785. Is Graph Bipartite? ⭐

Medium

There is an undirected graph with n nodes, where each node is numbered between 0 and n - 1. You are given a 2D array graph, where graph[u] is an array of nodes that node u is adjacent to. More formally, for each v in graph[u], there is an undirected edge between node u and node v.
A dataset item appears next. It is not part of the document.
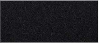
오로라 블랙 펄 (ABP)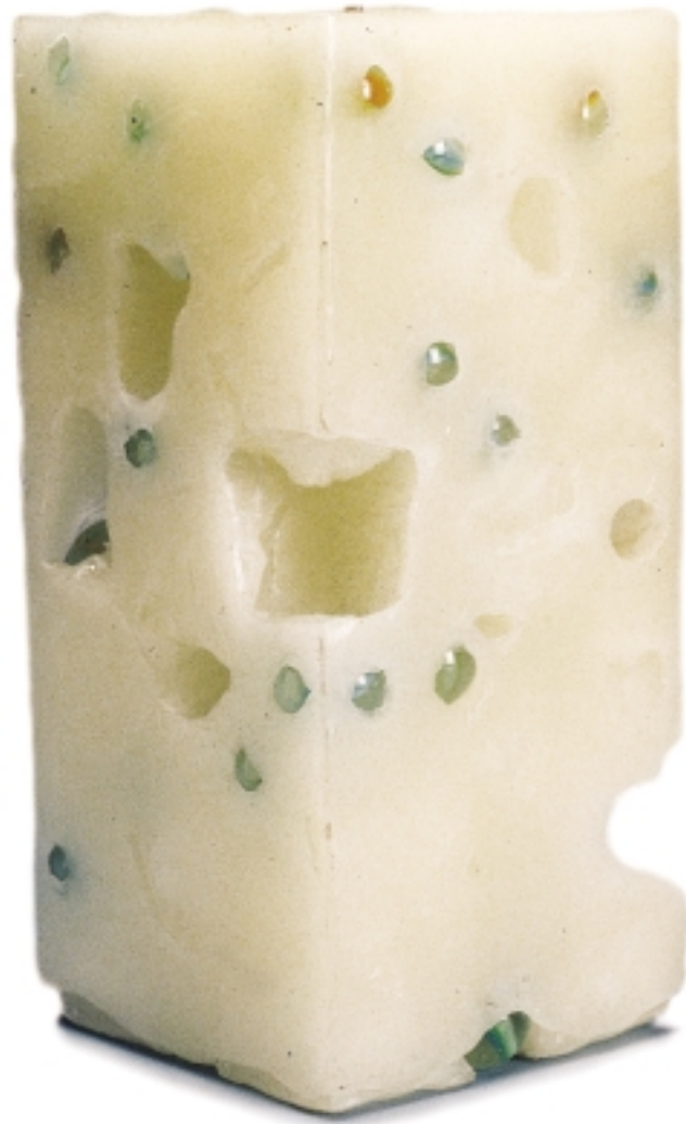
歷史博物館舉辦的阿曼展活動中由學生完成之作品。

The graph has the following properties:

  • There are no self-edges (graph[u] does not contain u).

  • There are no parallel edges (graph[u] does not contain duplicate values).

  • If v is in graph[u], then u is in graph[v] (the graph is undirected).

  • The graph may not be connected, meaning there may be two nodes u and v such that there is no path between them.

A graph is bipartite if the nodes can be partitioned into two independent sets A and B such that every edge in the graph connects a node in set A and a node in set B.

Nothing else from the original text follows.